[web-anim] Web animations minutes, 17 / 18 December 2012

Web animations minutes, 17 / 18 December 2012
(Bumper Christmas edition)

Etherpad: https://etherpad.mozilla.org/ep/pad/view/ro.McqSq5rhwYm/latest
Present: Dmitry Baranovskiy, Steve Block, Shane Stephens, Douglas 
Stockwell, Brian Birtles

Agenda:

1. Status update
2. Keyframe revision
3. Comparing with QML
4. Comparing with Core Animation
5. Feedback from Rob Arnold
6. Null animation function
7. Interaction with script
8. Time sources
9. Fixing Anim.duration vs Anim.timing.duration
10. The chopping block
11. GroupedAnimationEffect
12. Override stylesheets
13. Animation stack & Keyframe animations
14. Default fill mode


1. STATUS UPDATE
================

Brian:
* Writing up events stuff

Shane:
* Travelling, polyfill hacking, talking to interested Googlers about Web 
Animations


2. KEYFRAMES REVISION
=====================
(Brian)

I've revised the keyframes interfaces with the following changes:
* Add ctors
* Redone the way we interpret values to the ctor since 
sequence<DOMString> and sequence<KeyframesDictionary> are not 
distinguishable
* Add a distribute method to space all the keyframes out evenly

This distribute method in particular hopefully makes it easier to 
add/remove keyframes whilst keeping them equally spaced.

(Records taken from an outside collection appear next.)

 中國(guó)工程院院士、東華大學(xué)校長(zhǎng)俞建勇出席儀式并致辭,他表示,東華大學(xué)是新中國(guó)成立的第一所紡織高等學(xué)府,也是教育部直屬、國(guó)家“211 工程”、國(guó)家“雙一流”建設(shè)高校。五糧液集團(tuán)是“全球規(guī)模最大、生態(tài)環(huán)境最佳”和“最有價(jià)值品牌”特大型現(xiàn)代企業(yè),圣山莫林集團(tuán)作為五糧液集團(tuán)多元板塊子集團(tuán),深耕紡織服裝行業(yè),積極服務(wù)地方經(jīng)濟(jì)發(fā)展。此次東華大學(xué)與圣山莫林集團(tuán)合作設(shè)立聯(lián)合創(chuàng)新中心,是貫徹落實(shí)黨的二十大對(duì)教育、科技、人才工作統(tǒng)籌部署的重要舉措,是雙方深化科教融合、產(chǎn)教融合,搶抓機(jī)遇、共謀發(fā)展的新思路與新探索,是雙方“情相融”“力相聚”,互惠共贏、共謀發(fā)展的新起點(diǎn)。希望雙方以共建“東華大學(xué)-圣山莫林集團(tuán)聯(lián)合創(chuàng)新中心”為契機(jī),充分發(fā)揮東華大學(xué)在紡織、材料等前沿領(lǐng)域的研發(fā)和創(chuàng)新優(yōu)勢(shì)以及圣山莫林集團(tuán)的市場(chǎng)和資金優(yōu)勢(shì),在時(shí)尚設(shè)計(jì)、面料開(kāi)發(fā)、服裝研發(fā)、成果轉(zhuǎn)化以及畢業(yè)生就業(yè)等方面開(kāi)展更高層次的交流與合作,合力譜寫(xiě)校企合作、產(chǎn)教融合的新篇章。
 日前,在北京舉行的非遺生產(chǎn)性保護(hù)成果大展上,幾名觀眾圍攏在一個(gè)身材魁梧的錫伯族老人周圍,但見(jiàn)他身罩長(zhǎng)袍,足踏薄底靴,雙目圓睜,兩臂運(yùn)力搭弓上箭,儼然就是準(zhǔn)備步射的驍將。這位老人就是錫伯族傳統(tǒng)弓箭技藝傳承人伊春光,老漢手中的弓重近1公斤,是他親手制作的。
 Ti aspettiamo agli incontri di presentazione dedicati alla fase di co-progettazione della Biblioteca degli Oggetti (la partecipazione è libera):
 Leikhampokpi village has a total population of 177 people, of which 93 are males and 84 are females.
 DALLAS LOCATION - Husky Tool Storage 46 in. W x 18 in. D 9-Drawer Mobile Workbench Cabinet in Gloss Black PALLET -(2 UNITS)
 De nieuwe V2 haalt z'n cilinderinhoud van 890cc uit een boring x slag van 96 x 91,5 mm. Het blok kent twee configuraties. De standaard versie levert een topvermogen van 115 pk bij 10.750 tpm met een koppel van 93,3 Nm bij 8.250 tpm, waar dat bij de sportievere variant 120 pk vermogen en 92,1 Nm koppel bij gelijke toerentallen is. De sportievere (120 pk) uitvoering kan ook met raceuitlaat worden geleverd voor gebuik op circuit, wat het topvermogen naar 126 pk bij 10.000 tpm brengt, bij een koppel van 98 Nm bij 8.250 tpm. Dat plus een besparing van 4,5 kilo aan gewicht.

(I had another proposal here where we allowed null offsets that meant 
'space me out evenly' but it was complex so I dropped it.)

Shane: LGTM.

3. COMPARING WITH QML
=====================
(Brian)

ben 
(http://brian.sol1.net/svg/2012/10/31/web-animations/comment-page-1/#comment-38011) 
suggested we consider QML
http://doc.qt.nokia.com/4.8-snapshot/qdeclarativeelements.html

Some observations:
* Many features are similar, even the parallel and sequence animations 
are similar. That's good news.

* SpringAnimation element
    -- could be realised with the proposed SmoothTimingFunc and then add 
some syntactic sugar to make bouncing animations easier
    -- I've asked Pomax (author of 
http://processingjs.nihongoresources.com/bezierinfo/) for some help with 
SmoothTimingFunc.

* Includes a PauseAnimation -- temporal equivalent of a spacer gif
    -- worth adding?
    -- Shane: I have an alternative approach that is simpler than a new 
primitive (and also useful for the trigger stuff :))

* Terminology
    -- They don't have groups. Should we just call ParAnimGroup, ParAnim?
    -- Shane: I think distinguishing between groups and root animations 
is useful.

* Uses ms (integer) for duration. window.setTimeout etc. use ms as well. 
Perhaps ms are more common on the web platform? Should we use ms 
instead? And if so, is an integer too imprecise?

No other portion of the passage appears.